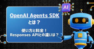 OpenAI Agents SDKとは?使い方と料金!Responses APIとの違いは? OpenAIは2025年3月、AIエージェント開発をより簡単に効率的にする環境としてOpenAI Agents SDKとResponses APIをリリースしました。 このうち、OpenAI Agents SDKはオープンソースのAIエージェント用のソフトウェア開発キットです。 複雑な連携ロジックを抽象化し、ツール呼び出しや複数エージェントの協調を容易にし、Responses APIを基盤としてより高度なエージェントの構築を支援します。 2024年に試験的に提供されたAIエージェント用フレームワークswarmの発展版となっており、AIマルチエージェントを簡単に自分のアプリに組み込むことも可能です。 本記事では、OpenAI Agents SDKの概要や特徴、使い方、Responses APIとの違いをわかりやすく解説します。
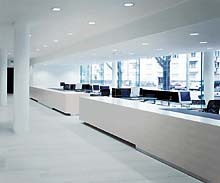Einen Namen machten sich Stürm und Wolf vor zehn Jahren mit einer monolithischen Einstellhalle in Domat Ems. Ganz anders als dieser flache Solitär am Fuss des Hochgebirges, aber von ähnlich minimalistischem Geist geprägt war das dank kargem Materialeinsatz fernöstlich anmutende Ladenlokal von Issey Miyake, das sie etwa zur gleichen Zeit an Zürichs Bahnhofstrasse einrichteten. Auf diese meisterhafte Miniatur folgten weitere Umbauten und Innenraumgestaltungen. Grosses erhoffen liess 1998 der Sieg im Wettbewerb für ein Kunstmuseum in Vaduz. Doch schreckten die Auftraggeber vor diesem unkonventionellen, im Grundriss einfachen, im Schnitt aber komplexen Entwurf zurück. Der Sitz der Sozialversicherungsanstalt an der Röntgenstrasse in Zürich vermittelt nun eine Idee von dem, was sich die Liechtensteiner entgehen liessen.
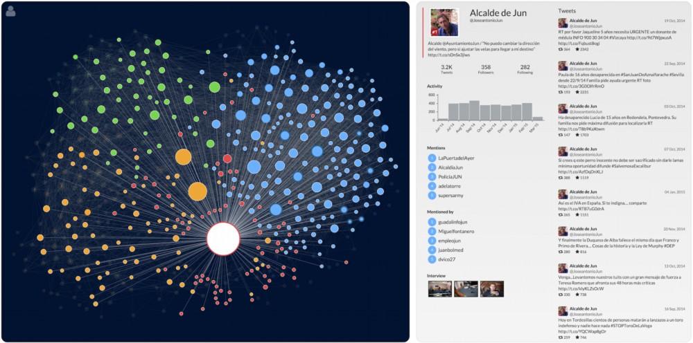 No tenemos las respuestas aún, pero un ‘mapping’ inicial de los datos de Twitter ha permitido abrir una nueva ventana sobre la realidad de Jun. En las capturas de pantalla de más abajo donde se muestra un explorador de datos desarrollado por Martin SaveskiEnlace externo, estudiante de postgrado en el Laboratorio de Máquinas Sociales, cada círculo representa a un ciudadano u organización de Jun. Las líneas entre los círculos representan las relaciones entre los seguidores de Twitter. Cuanto más grande es el círculo, más “importante” es la posición que ocupa esa persona en la red (utilizamos PageRank de Google para medir la importancia en Twitter, aunque esta no es la única significativa en la comunidad). Los cuatro colores denotan diferentes subredes de personas en Jun que están muy vinculadas entre sí debido a su actividad en Twitter. En cada gráfico, se resaltan las conexiones personales de un ciudadano en concreto (el círculo blanco) y se muestran más detalles sobre esa persona en el recuadro de la derecha. La primera captura se centra en el alcalde, la segunda, en el electricista.

* * * *

What is needed: Please restate the whole listing exactly, without any of its pictures.

Answer to the problem:
 OpenAI Agents SDKとは?使い方と料金!Responses APIとの違いは? OpenAIは2025年3月、AIエージェント開発をより簡単に効率的にする環境としてOpenAI Agents SDKとResponses APIをリリースしました。 このうち、OpenAI Agents SDKはオープンソースのAIエージェント用のソフトウェア開発キットです。 複雑な連携ロジックを抽象化し、ツール呼び出しや複数エージェントの協調を容易にし、Responses APIを基盤としてより高度なエージェントの構築を支援します。 2024年に試験的に提供されたAIエージェント用フレームワークswarmの発展版となっており、AIマルチエージェントを簡単に自分のアプリに組み込むことも可能です。 本記事では、OpenAI Agents SDKの概要や特徴、使い方、Responses APIとの違いをわかりやすく解説します。
Einen Namen machten sich Stürm und Wolf vor zehn Jahren mit einer monolithischen Einstellhalle in Domat Ems. Ganz anders als dieser flache Solitär am Fuss des Hochgebirges, aber von ähnlich minimalistischem Geist geprägt war das dank kargem Materialeinsatz fernöstlich anmutende Ladenlokal von Issey Miyake, das sie etwa zur gleichen Zeit an Zürichs Bahnhofstrasse einrichteten. Auf diese meisterhafte Miniatur folgten weitere Umbauten und Innenraumgestaltungen. Grosses erhoffen liess 1998 der Sieg im Wettbewerb für ein Kunstmuseum in Vaduz. Doch schreckten die Auftraggeber vor diesem unkonventionellen, im Grundriss einfachen, im Schnitt aber komplexen Entwurf zurück. Der Sitz der Sozialversicherungsanstalt an der Röntgenstrasse in Zürich vermittelt nun eine Idee von dem, was sich die Liechtensteiner entgehen liessen.
 No tenemos las respuestas aún, pero un ‘mapping’ inicial de los datos de Twitter ha permitido abrir una nueva ventana sobre la realidad de Jun. En las capturas de pantalla de más abajo donde se muestra un explorador de datos desarrollado por Martin SaveskiEnlace externo, estudiante de postgrado en el Laboratorio de Máquinas Sociales, cada círculo representa a un ciudadano u organización de Jun. Las líneas entre los círculos representan las relaciones entre los seguidores de Twitter. Cuanto más grande es el círculo, más “importante” es la posición que ocupa esa persona en la red (utilizamos PageRank de Google para medir la importancia en Twitter, aunque esta no es la única significativa en la comunidad). Los cuatro colores denotan diferentes subredes de personas en Jun que están muy vinculadas entre sí debido a su actividad en Twitter. En cada gráfico, se resaltan las conexiones personales de un ciudadano en concreto (el círculo blanco) y se muestran más detalles sobre esa persona en el recuadro de la derecha. La primera captura se centra en el alcalde, la segunda, en el electricista.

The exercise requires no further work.